The poor and marginalised, low-income groups working in the agriculture and non-agriculture sectors, in construction, wholesale and retail trade, accommodation, restaurants, in the garment sector, in the streets cleaning, sweeping or vending, in the breaking yards dismantling ships, or extracting stone from the quarries… they don’t figure in the success manual. They are the pariahs, a shameful chapter in the glorious book of our success. Ela Bhatt, who equates poverty to “violence with tacit consent,” gave a moving description of how these people function in an increasingly urban world.
“An urban world is a literate world,” she wrote, “where the written word reigns supreme. The illiterate are at a loss because entire systems pass them by. Public notices, street signs, newspapers, legal documents, bank accounts, and employment advertisements are all beyond their reach. They are forced to remain local, among things they know and people they trust, in order to survive.” But climate change and rapid urbanisation have changed a lot of equations for them. They are now increasingly mobile, increasingly detached from the world they knew and felt comfortable living in, and increasingly vulnerable to exploitation. If poverty is a form of violence, these people are feeling the full weight of its impact.

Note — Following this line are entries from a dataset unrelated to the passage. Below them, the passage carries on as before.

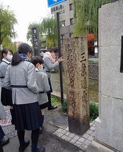 学校付近は、風情ある昔ながらの町並みが残ります。まず「坂本龍馬・結婚式の地」を確認しました。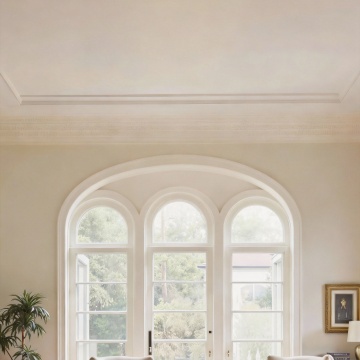 极简主义室内场景,米白色墙壁搭配浅色木地板,左侧窗台上摆放一盆绿色植物,阳光透过窗户在墙面和地面投射出清晰的窗格阴影,光线柔和明亮,整体氛围宁静舒适,空间宽敞通透,不同风格的室内背景元素(如北欧风家具、日式隔断、工业风灯具、复古装饰画等)自然融入场景,保持与原图一致的光影质感和色彩基调。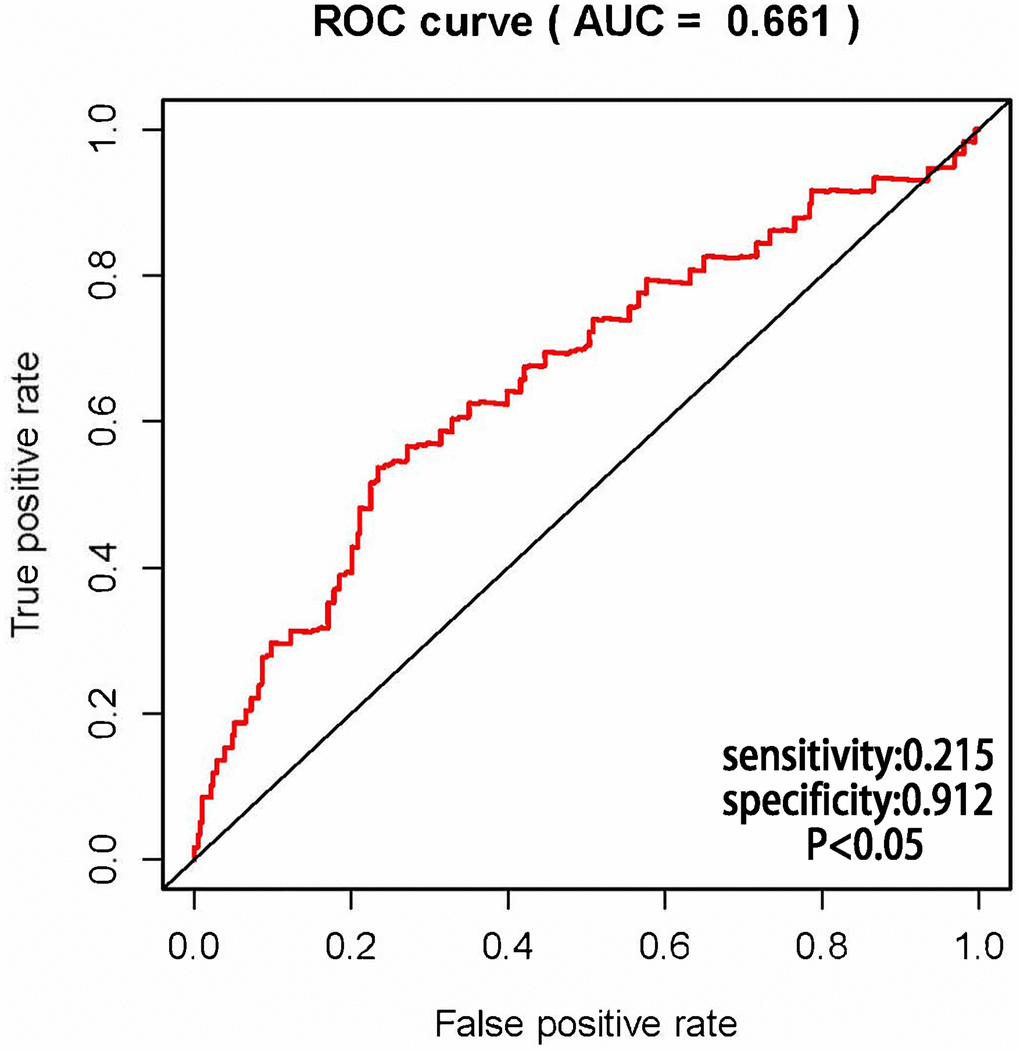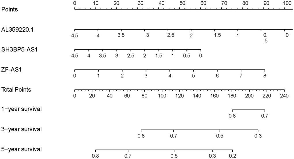 The AUCs of risk score was 0.661, sensitivity:0.215 and specificity:0.912 (Figure 6). These results suggested that the MRRS can be regarded as an accuracy predict model for LUAD. Next, the MRRS was integrated into a nomogram for predicting 1-, 3-, and 5-year survival rates of LUAD patients (Figure 7). Based on the nomogram scores, the 1-, 3-, and 5-year survival rates of LUAD patients could be well predicted by their nomogram scores. To further find the regulatory relationships of sMRLNRs and their target microRNAs, we selected the microRNAs of Starbase database and the results were demonstrated in regulatory network (Figure 8).

The vulnerability of those in the informal sector, according to a report by the International Labour Organisation (ILO), “presents a challenge to stable and sustainable development as the workforce in this sector usually engages in activities which are unregulated, unrecognised and ‘low productive’ in nature.” But there are bigger risks at hand, that of life-or-death for the people involved, that of being exploited and deprived, year after year, without any meaningful change whatsoever, because their life or demands are of little value in the grand scheme of things.
However, the present growth and remittance flow will enable the poor to reduce their level of poverty. In contemporary Bangladesh. scenarion has changed a lot in both rural and urban Bangladesh. Digitization of service sector say, mobile banking has its positive effects on development. The poor are becoming dynamic showing high level of mobility. The are trying to increase their income and purchasing power.

(Dr. Md. Shairul Mashreque is a retired professor and Dr. M Abul Kashem Mozumder is Pro-VC of BUP)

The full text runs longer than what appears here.